Helen, who has two kids and three grandkids, said she is hoping to share Willow’s story to stop other dog owners throwing sticks.
She said: “We all know that we shouldn’t really throw sticks.
“Unless something like this happens, you don’t think about how horrific an injury they can have, and so easily as well.
“It happened in a split-second at the end of a two-hour walk.
“You do always have concerns but always more of a concern of splinters, you never actually think something like that could happen.
“I couldn’t feel any worse about it, that’s why I’m so adamant about raising awareness about it.
“We’ve had over 21,000 views on the video.

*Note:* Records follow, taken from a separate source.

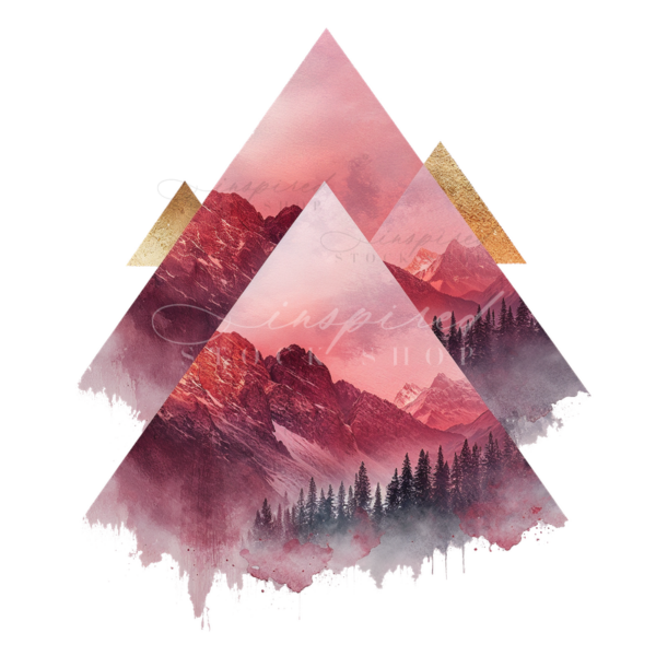 Keywords: abstract, aesthetic, art, artistic, background, contemporary, creative, decorative, design, digital, fantasy, forest, geometric, illustration, landscape, misty, modern, mountains, nature, pink, red, scenery, serene, stylized, symbolic, texture, trees, triangles, watercolor
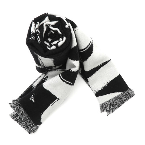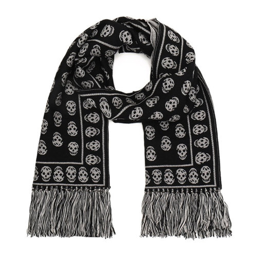 Alexander McQueen/亚历山大麦昆 中性黑白拼色羊毛骷髅头印花流苏滚边双面长款披肩围脖围巾 358351-4200Q-1078
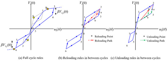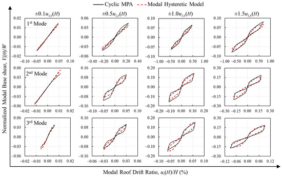 Second, the modal hysteretic models generated from the coordinates (point A and B) and values estimated using the proposed procedure are verified by comparing them with those determined directly from the cyclic MPA. In these models, the hysteretic rules and residual deformation relationship developed by Pandey [39] are followed, and the post-yield stiffness is assumed to be 0.2 times its post-crack stiffness for estimating the response beyond point B. The comparison is presented as cycle-by-cycle plots of the modal hysteretic responses of building B2 on the x axis, as depicted in Figure 14. Four levels of displacement amplitude were selected for this comparison, namely, low (0.1ui,y(H)), middle (0.5ui,y(H)), yield (1.0ui,y(H)), and post-yield (1.5ui,y(H)). The results verify that the estimated modal hysteretic models concur reasonably well with those obtained from the cyclic MPA in all displacement ranges. Similar verification was also conducted for three other case study buildings in both directions, and similar good results were obtained, confirming the applicability of the proposed procedure. More details on the verification of the developed modal hysteretic model can be found in Suwansaya [37].
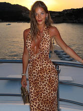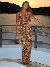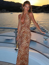 Leopard Print Maxi Dress For Women Halter Deep V Neck Sleeveless Backless Bodycon Club Party Dress
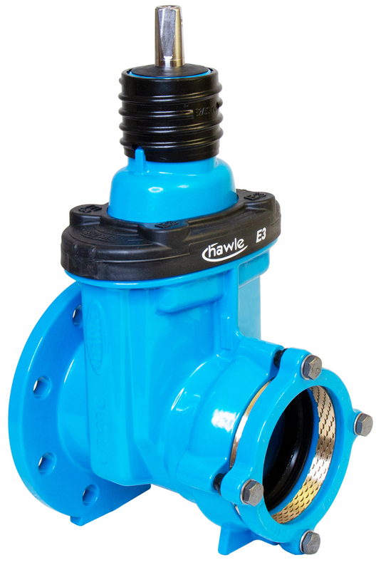 Absperrschieber, einerseits mit Flansch, andererseits mit Steckmuffe für den längskraftschlüssigen Anschluss von PE-Rohren PE 80 und PE 100 (EN 12201, DIN 8074) und PVC-Rohren (DIN EN ISO 1452-2).
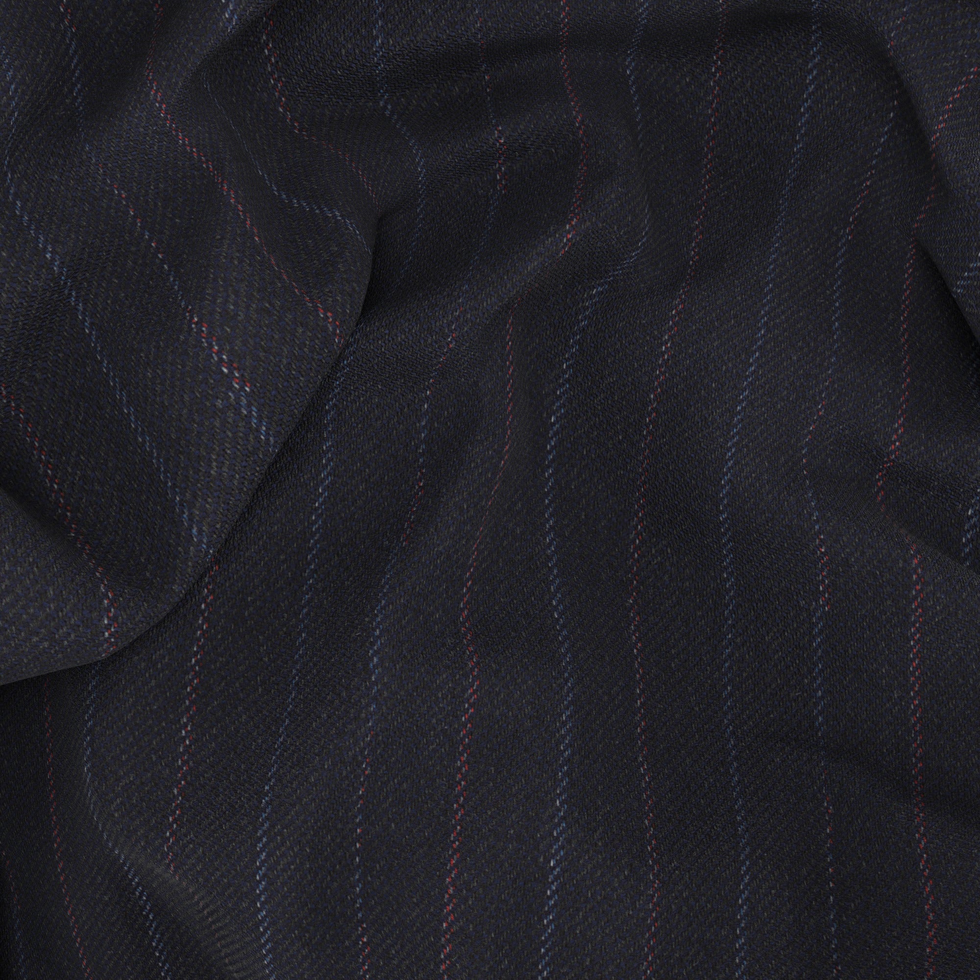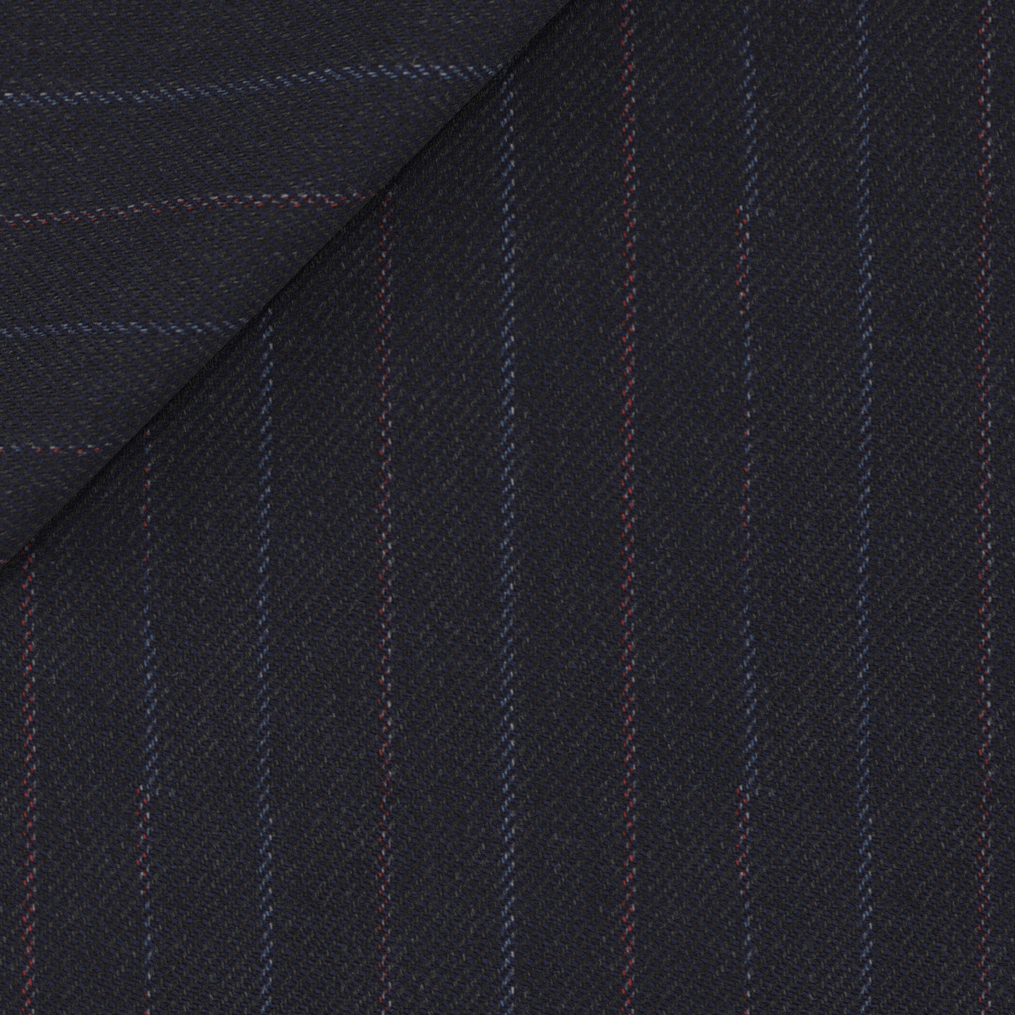 Abito Su Misura realizzato in lana con un tessuto del lanificio italiano Carlo Barbera. La classica fantasia gessata si arricchisce di una riga color azzurro e una riga color mattone, che dona un tocco luminoso al capo. Un classico del guardaroba maschili rivisitato in chiave moderna, perfetto per le occasioni di lavoro e con un peso medio, ideale da indossare tutto l'anno.

“Everybody I speak to who has a dog, it’s their own choice if they throw sticks but I will do everything I can to ensure everybody is made aware how easily it happened and how easily it can happen to them.
“I wouldn’t want either of my dogs to go through something like that ever again.
“The pain and emotional stress it causes for the owners as well is horrendous, but dogs can’t speak for themselves so it’s our duty these things don’t happen to them.”